An Early Frost is a 1985 American made-for-television drama film. It was the first major film with major motion picture stars, Aidan Quinn, Gena Rowlands, Ben Gazzara, and Sylvia Sidney, broadcast on a major television network, NBC, to deal with the topic of AIDS. It was viewed by 34 million households in its initial airing, the highest rated show of the night, even beating Monday Night Football, received 14 Emmy nominations, winning three including Best Original Teleplay, a Peabody Award, as well as multiple Golden Globe nominations, including one for Sylvia Sidney who won for Best Supporting Actress. It was a major breakthrough into mass culture, as it was the first time an American audience of that size saw a film about a gay man who had AIDS, which up until then was considered a gay disease.

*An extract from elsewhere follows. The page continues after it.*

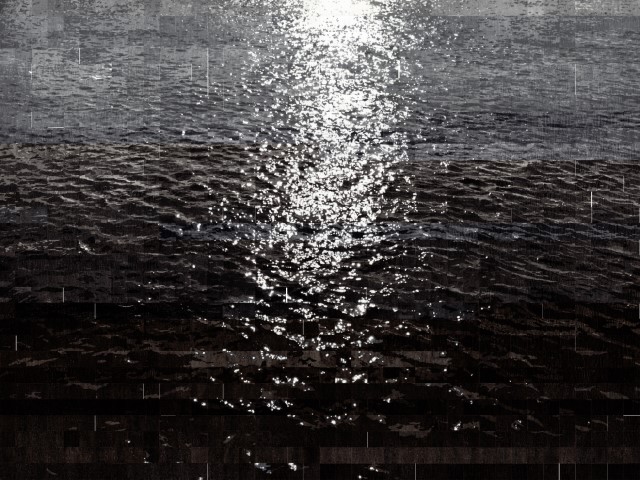 ‘물의표면’은 바람에 시시각각 파고를 달리하며 일렁이고, 이 움직임에 따라 빛이 닿아 반짝이는 부분과 어둡게 그림자가 지는 부분이 무수히 교차한다. 작가는 이러한 물의 움직임을 사진으로 담고 디지털 이미지 프로그램을 활용하여 작업 과정에 맞게 가공한다. 가공의 중심에 있는 것은 조각그림이다. 조각그림은 먹의 농담(濃淡)으로 채워져 있다. 먹의 짙은 부분(濃)과 옅은 부분(淡)의 대비로 풍경이 만들어지는데, 여기서 풍경은 고정되어 있기보단 ‘상태’에 가깝다. 짙은 부분을 물결과 그림자, 옅은 부분을 반사되는 빛이라 단정 지어 말하기 어려우며, 매 순간 물결에 떨어지는 빛이 달라지는 것처럼 각 요소는 짙은 부분과 옅은 부분의 관계로 물결과 그림자, 빛이 되어 나타난다.

It was first broadcast on the NBC television network on November 11, 1985. It was directed by John Erman, from the Emmy Award-winning teleplay written by Ron Cowen and Daniel Lipman (story by Sherman Yellen). Aidan Quinn stars as Michael Pierson, a Chicago attorney who goes home to break the news that he is gay and has AIDS to his parents, played by Ben Gazzara and Gena Rowlands.

Storyline

Michael Pierson, a successful lawyer, suffers a bad coughing jag at work and is rushed to the hospital. There he learns from a doctor that he has been exposed to HIV.  At home, he receives another piece of disturbing news: his lover, Peter (D. W. Moffett), confesses that he had sex outside the relationship because Michael is a workaholic and is living in the closet. Michael, in a rage, throws Peter out of the house.  He then travels to his parents' home to inform them that he is gay and has AIDS.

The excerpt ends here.